- Series
- Stochastics Seminar
- Time
- Thursday, December 2, 2010 - 3:05pm for 1 hour (actually 50 minutes)
- Location
- Skiles 002
- Speaker
- Santosh Vempala – College of Computing, Georgia Tech
- Organizer
- Yuri Bakhtin
For general graphs, approximating the maximum clique is a notoriously hard
problem even to approximate to a factor of nearly n, the number of vertices.

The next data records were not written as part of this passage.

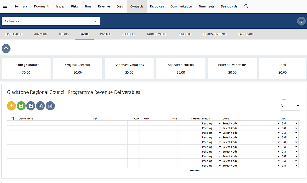 This setup creates a matrix where the contract sits at the top and pulls financial data from all the linked child projects/activities.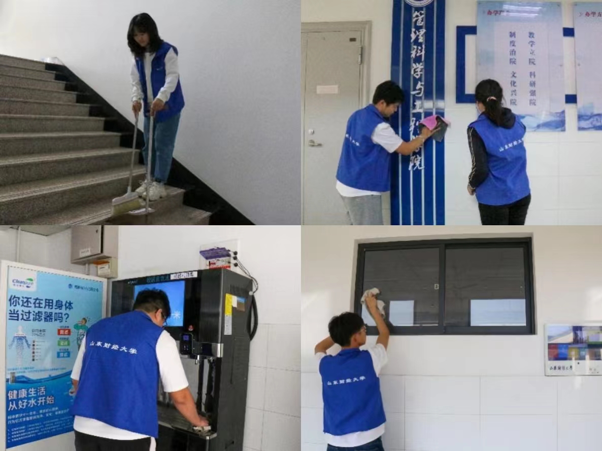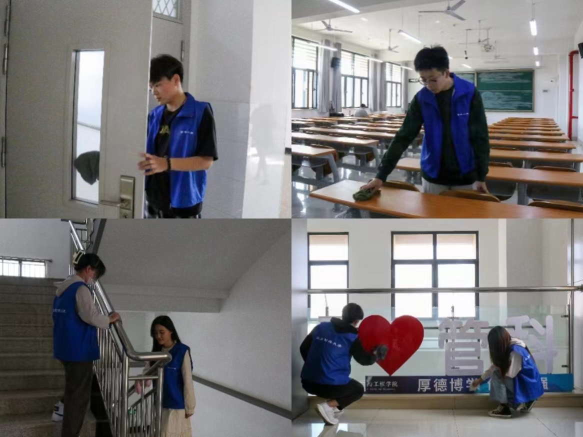 在清扫校园活动中,同学们走进教学楼,不放过本院内的一砖一瓦,擦拭窗台、清理显示屏、清理楼梯及扶手。除此以外,同学们还抽出课余时间走进教室,擦洗黑板、清理课洞垃圾、擦拭桌椅等,用行动践行雷锋精神。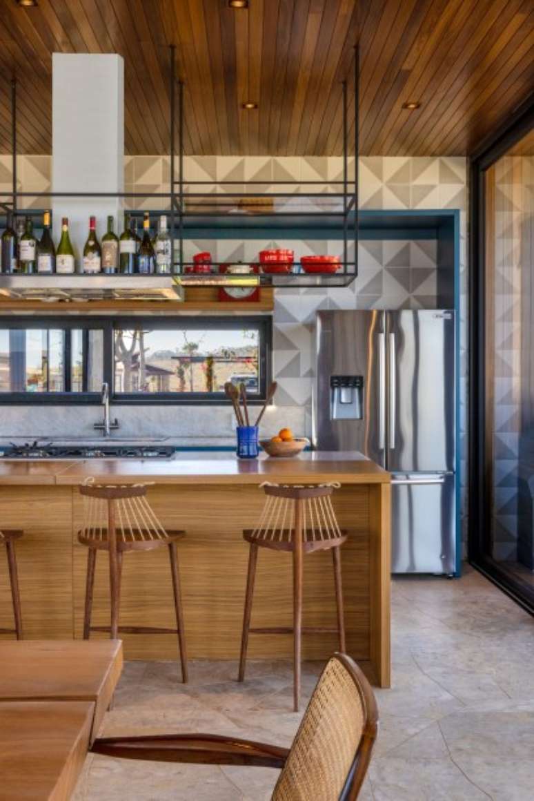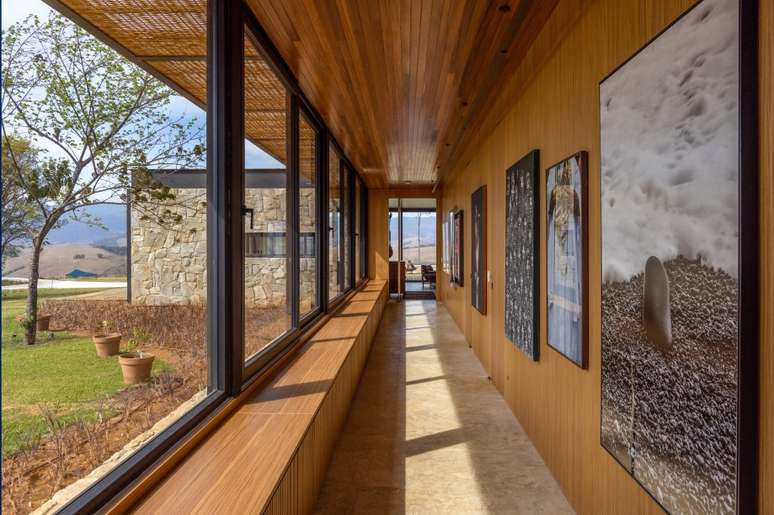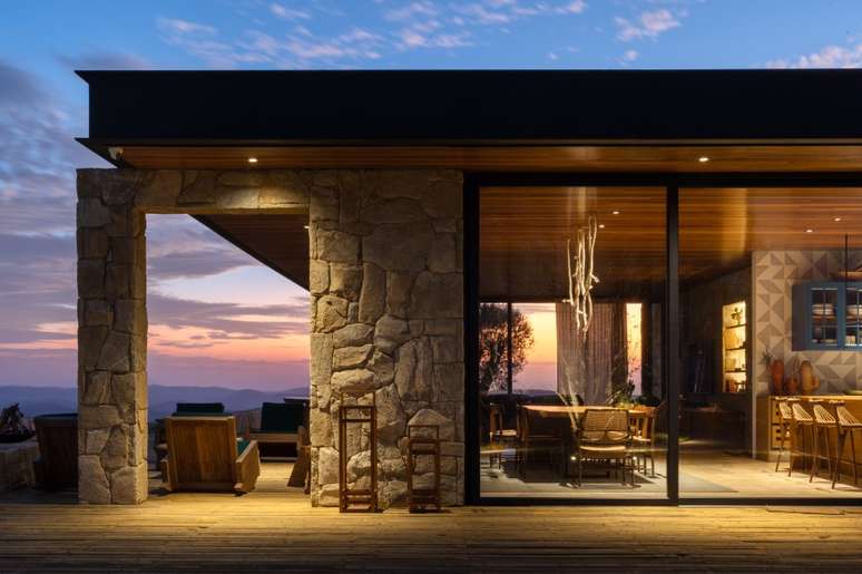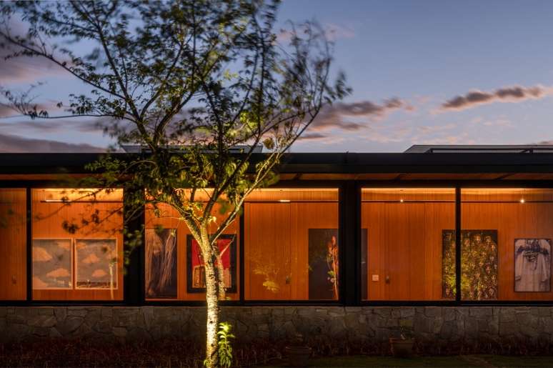 Com interiores assinados pela arquiteta Hana Lerner, o projeto possui sala de jantar, cozinha e estar integrados. E quase todas as janelas são de vidro, o que proporciona a integração com o exterior e o amplo uso de luz natural.

Does the situation get better with random graphs? A random graph on n
vertices where each edge is chosen with probability 1/2 has a clique of size
nearly 2\log n with high probability. However, it is not know how to find one
of size 1.01\log n in polynomial time. Does the problem become easier if a
larger clique were planted in a random graph? The current best algorithm can
find a planted clique of size roughly n^{1/2}. Given that any planted clique
of size greater than 2\log n is unique with high probability, there is a
large gap here. In an intriguing paper, Frieze and Kannan introduced a
tensor-based method that could reduce the size of the planted clique to as
small as roughly n^{1/3}. Their method relies on finding the spectral norm
of a 3-dimensional tensor, a problem whose complexity is open. Moreover,
their combinatorial proof does not seem to extend beyond this threshold. We
show how to recover the Frieze-Kannan result using a purely probabilistic
argument that generalizes naturally to r-dimensional tensors and allows us
recover cliques of size as small as poly(r).n^{1/r} provided we can find the
spectral norm of r-dimensional tensors. We highlight the algorithmic
question that remains open.
This is joint work with Charlie Brubaker.